= Testimonio =

Testimonios are a form of resistance used by Latin American feminist movements against military governments, authoritarian regimes, and systems of oppression.

== General ==
Testimonio is a Latin American feminist form of resistance against larger oppressive structures like patriarchy that uses a method of rescripting and rewriting history to center previously oppressed voices through women's testimonial literature. Feminists who use testimonios center stories of marginalized people to fight mainstream cultural narratives that hide their stories. Even though testimonios began as a form of countercultural storytelling based on witness accounts, many also blend fictional narratives with historical narratives. Fictionalizing memories allows the authors to make their stories more emotional and powerful, and gives them revolutionary potential.

Testimonios as a practice began as a part of the women's liberation movement in response to growing authoritarianism and military rule in Latin America in the 1970s. Testimonios became a way that women resisted oppressive governments and gave rise to new forms of political protest.

== Etymology ==
The Latin word testimonio derives from Old Northern French testimonie (Old French testimoine, testemoigne) and from Latin testimonium, meaning "evidence, proof, witness, or attestation". It also derives from the Latin word testis, which is "a witness or one who attests". Testis was a word usually regarded as a special application of a "witness" on the notion of what "bears witness to male virility". The suffix -monium signifies action, state, or condition.

== Examples ==

=== The Little School (1986) by Alicia Partnoy ===
Alicia Partnoy's The Little School tells her story as one of "the disappeared" Argentinian prisoners during Argentina's military dictatorship in the late 1970s. Taken to La Escuelita "The Little School", Partnoy endured violence and torture to be "taught a lesson". Being one of the few survivors, she refused to remain silent and shared her experiences into a fictionalized and detailed narrative where she organized her memories into survival tales. Her writing serves as a testimonio of political repression and act of resistance.

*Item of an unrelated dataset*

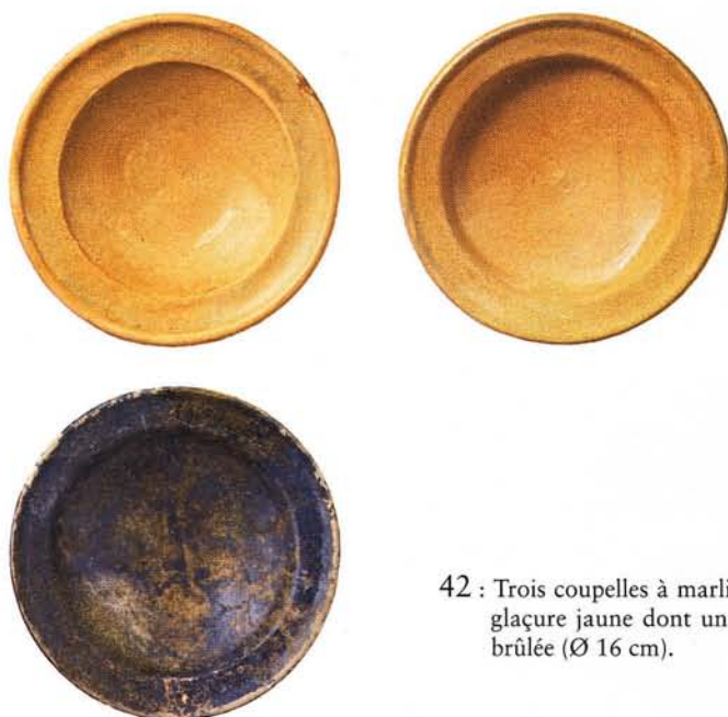
42 : Trois coupelles à marli, glaçure jaune dont une brûlée (Ø 16 cm).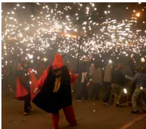
El correfoc, diversió assegurada

=== The Inhabited Woman (1994) by Gioconda Belli ===
Gioconda Belli's The Inhabited Woman fictionalizes the Sandinista struggle against the dictatorship of Anastasio Somoza in Nicaragua. She blends elements of testimonio with survival narratives during the National Liberation Movement (Movimiento). By critiquing both dictatorship and patriarchy, Belli reveals the double marginalization of her protagonist, Lavinia, as a fighter and a woman, while also reflecting her own lived experiences. Through the feminist lens, Belli adds a "feminist dimension to the genre of testimonio" (Smith).

=== Telling to Live: Latina Feminist Testimonios (2001) ===
Telling to Live is a collection of sixty-four testimonios from The Latina Feminist Group, which consists of eighteen Latinas who use their stories to reflect on the complexity of Latina identity, struggle, and resistance. They use testimonios as a feminist method of storytelling to produce knowledge from lived experiences that Latinas may have encountered. This collection expands on how these women have navigated higher education, built relationships, and fought for their place in US society in the late 1990s - early 2000s.